Duke COVID-19 Shared Data and Specimen Repository

Duke Shared Data and Specimen Repository Regarding COVID-19 Patients

The purpose of this data repository is to provide a secure and centralized storage location and resource for the collection of essential data and medical specimens, across COVID-19 related protocols at Duke.

Study Overview

• Status: Recruiting
• Conditions: COVID-19

Detailed Description

The aim of this data repository is to provide a secure and centralized storage location and resource for the collection of core variables of interest, as well as the retaining of relevant patient samples, across COVID-19 related protocols at Duke. The core data variables were in-part selected to specifically match those agreed upon by Academic Medical Centers across the U.S., with the intention of aiding the efficiency and effectiveness of de-identified data reuse for population-level research. An additional benefit is that centralized, shared data storage of demographic and longitudinal variables will reduce subject burden, as many questions will now only need to be asked once, rather than each time a given subject joins another COVID-19 related study at Duke.

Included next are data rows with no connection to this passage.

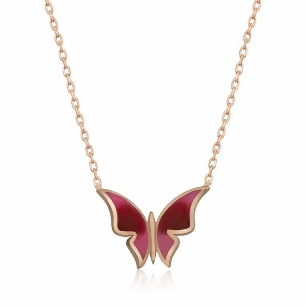 Özgürlüğü masumiyeti ve saflığı simgeleyen kelebekler, tertemiz sevginin ve aşkın ifadesidir. Bahar kelebekleri kolye anlam itibari ile aşkın küçük bir kıvılcım ile başladığı daha sonra büyük bir sabır ile büyüdüğü ve en sonunda ilan-ı aşkı ifade eder. Sizin olduğu kadar sevdiklerinizin de keyifle takacağı minimal kelebek bayan kolye en güzel hediyelerden biri olacaktır. Kolye 925 ayar gümüşten imal edilmiştir. Gümüş üzerine rose kaplama yapılmıştır. Rose kaplama yapılan gümüş bayan kolyeler parlaklığını uzun süre muhafaza eder, ve oksitlenmeyi geciktirir. Kolye üzerinde bulunan renkler mine işlemesidir. Gümüş olan zincir boyu ortalama 45 cm"dir. Tüm gümüş bayan kolyelerde olduğu gibi gümüş minimal kelebek bayan kolye de el emeği ile üretilmiştir. Gümüş ve değerli taşlar nedeniyle belirtilen ürün ağırlığında ± %10 sapma olabilmektedir.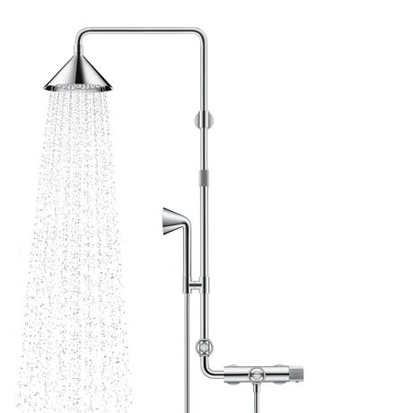 Nella versione più completa il kit permette di rinnovare completamente l’angolo doccia con un soffione ad altezza regolabile, il supporto per la doccetta manuale e un innovativo corpo rubinetteria che permette di selezionare la temperatura da una manopola e attivare i flussi (anche contemporaneamente) di soffione e doccetta attraverso due manopole posizionate in modo intuitivo direttamente in relazione all’uno o all’altra. Il pratico “cono” che caratterizza la forma del soffione può essere afferrato e orientato manualmente a 360° per indirizzare il getto o spostarlo in fase di apertura dell’acqua. Dispone inoltre di un tasto centrale per il cambio del getto da normale a pioggia a aerato e soffice.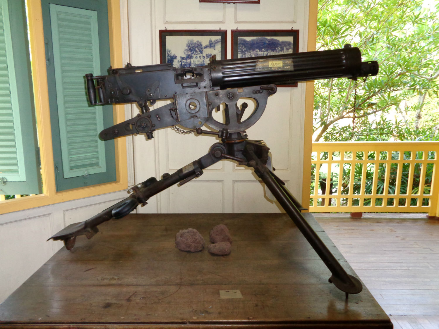 Ban Pong Nak........Ban Pong Nak appears here as a result of talking with residents rather than studying maps. That so, I feel it may not be that important, particularly as it seems hard to locate. Finally when we do locate it, it’s actually inside Fort Surasakmontri, an army base to the east of the city. Not for the first time I find myself in an army camp guarded by military police who seem to have no qualms about us visiting the site. As I stated on the last occasion, I would consider this a security issue and would not be allowed in the UK without official clearance: Certainly the official line is that you need to make an appointment first. So what is at Ban Pong Nak? Well it consists of just one building modeled on a European design I would say around 1900. There are a couple of reasons for visiting this site. For Thais there is an historical significance as it was a building two former Thai Kings staying in during official visits. It probably was used by visiting high ranking officials too. The other reason to visit the site for those interested in military matters is the small collection of exhibits including a number of small arms and other weapons. Not for the first time today I see something of British interest, a heavy WW1 Vickers machine gun, the first time I’ve been up close to one and a vintage Tommy helmet. Some of the bayonets displayed are also British.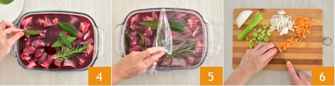 Assaisonnez avec du laurier, de la sauge et du romarin 4, couvrez avec du film alimentaire 5 et laissez mariner la viande toute la nuit au réfrigérateur. Le lendemain, poursuivez la préparation : préparez le soffritto en hachant finement l'oignon, la carotte et le céleri 6 et réservez.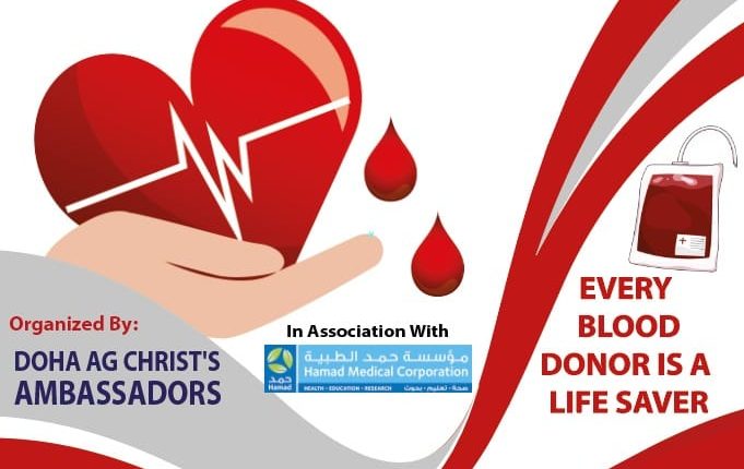 ദോഹ: സൗജന്യ രക്ത ദാന ക്യാമ്പ് നാളെ (23.02.2024) മെസേയ്മീറിൽ ഉള്ള റിലീജിയസ് കോംപ്ലക്സ്സിലെ ഐഡിസിസി ക്യാമ്പസിൽ വച്ച് ദോഹ അസ്സെംബ്ലിസ് ഓഫ് ഗോഡ് സഭയുടെ യുവാക്കളുടെ സംഘടനയായ ക്രൈസ്റ്റ് അംബാസ്സെഡേഴ്സിന്റെ നേതൃത്വത്തിൽ നടത്തപ്പെടുന്നു.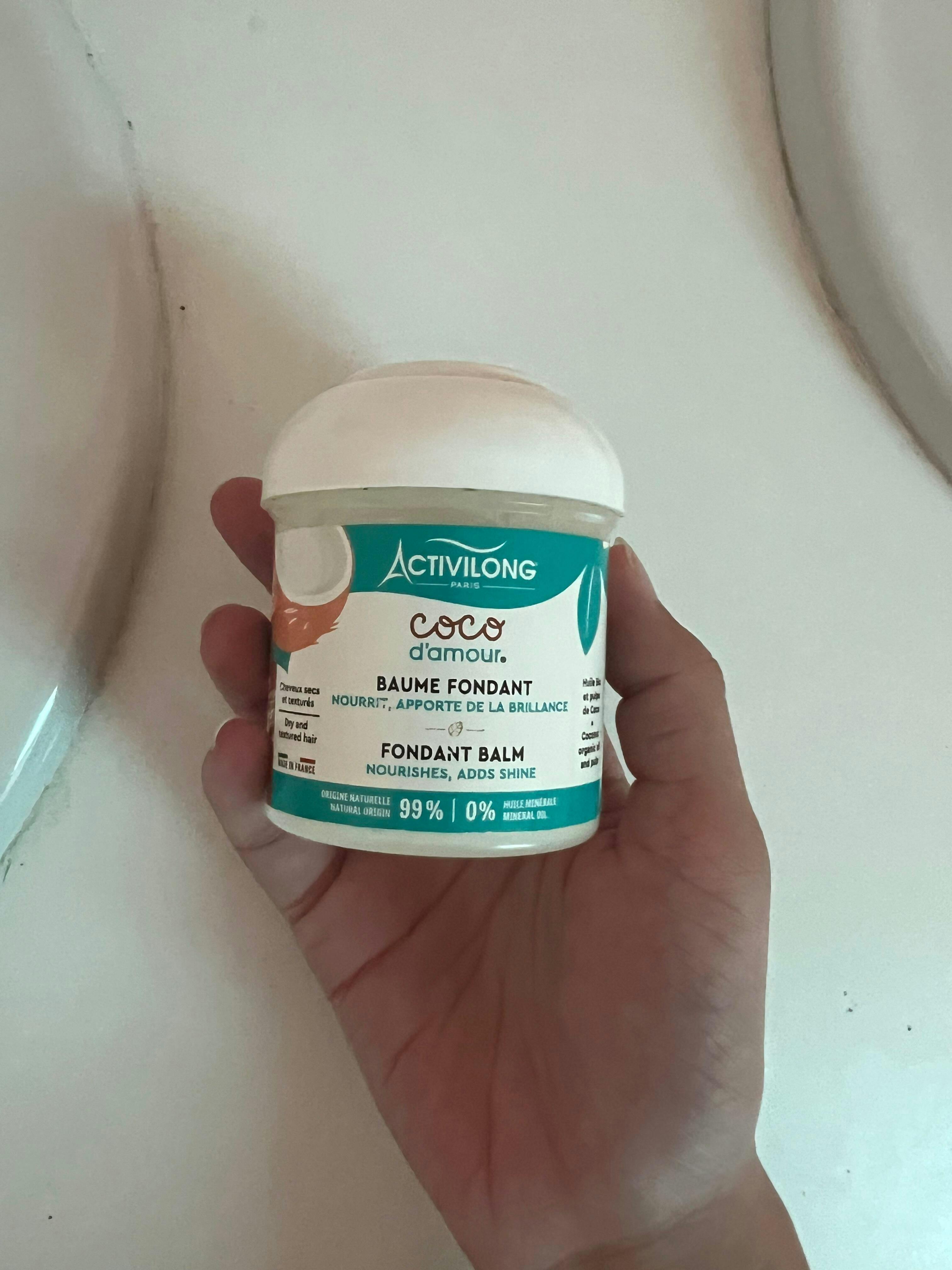 Ce baume fondant au doux parfum de coco permet de sceller avec amour l'hydratation de votre cheveu

This shared data and bio-repository project will house all the core data for all patients with COVID-19 (or suspected cases), as well as individual participants ICFs for all other participating COVID-19 studies enrolling Duke patients. Each participating study will have its own separate IRB approved protocol. Samples may be either collected specifically by the protocol, or include left-over clinical samples from the testing and treatment of patients with COVID-19 at Duke.

• Study Type: Observational
• Enrollment (Anticipated): 100000

Contacts and Locations

• Study Contact: Name: Lynn Sutton; Phone Number: 919-668-8925; Email: lynn.sutton@duke.edu

Study Locations

• United States
  • North Carolina
    • Durham, North Carolina, United States, 27710
      • Recruiting
      • Duke University Medical Center
      • Contact: Lynn Sutton; Phone Number: 919-668-8925; Email: lynn.sutton@duke.edu

Participation Criteria

Eligibility Criteria

• Ages Eligible for Study: Child; Adult; Older Adult
• Accepts Healthy Volunteers: No

• Sampling Method: Non-Probability Sample

Study Population

Any Duke patient that is receiving treatment for COVID-19.

Description

Subjects will be included in this data repository if they meet the enrollment criteria of any linked/participating IRB-approved protocol, or if they are not enrolled in another COVID-related study but meet one of the following inclusion criteria:

1. Suspected novel Coronavirus (nCoV) infection (Person Under Investigation) and/or
2. Laboratory proven acute novel Coronavirus (nCoV) infection and/or
3. Primary admitting diagnosis of nCoV infection

Studies will include:

• Any COVID-19 clinical research studies recruiting Duke patients
• Excludes: protocols sharing non-consented EHR data with national/international repositories and studies that are recruiting community participants

Study Plan

How is the study designed?

Number of groups / cohorts

1

Cohorts and Interventions

Group / Cohort
COVID-19 Patients; Any Duke patient that is being treated for COVID-19.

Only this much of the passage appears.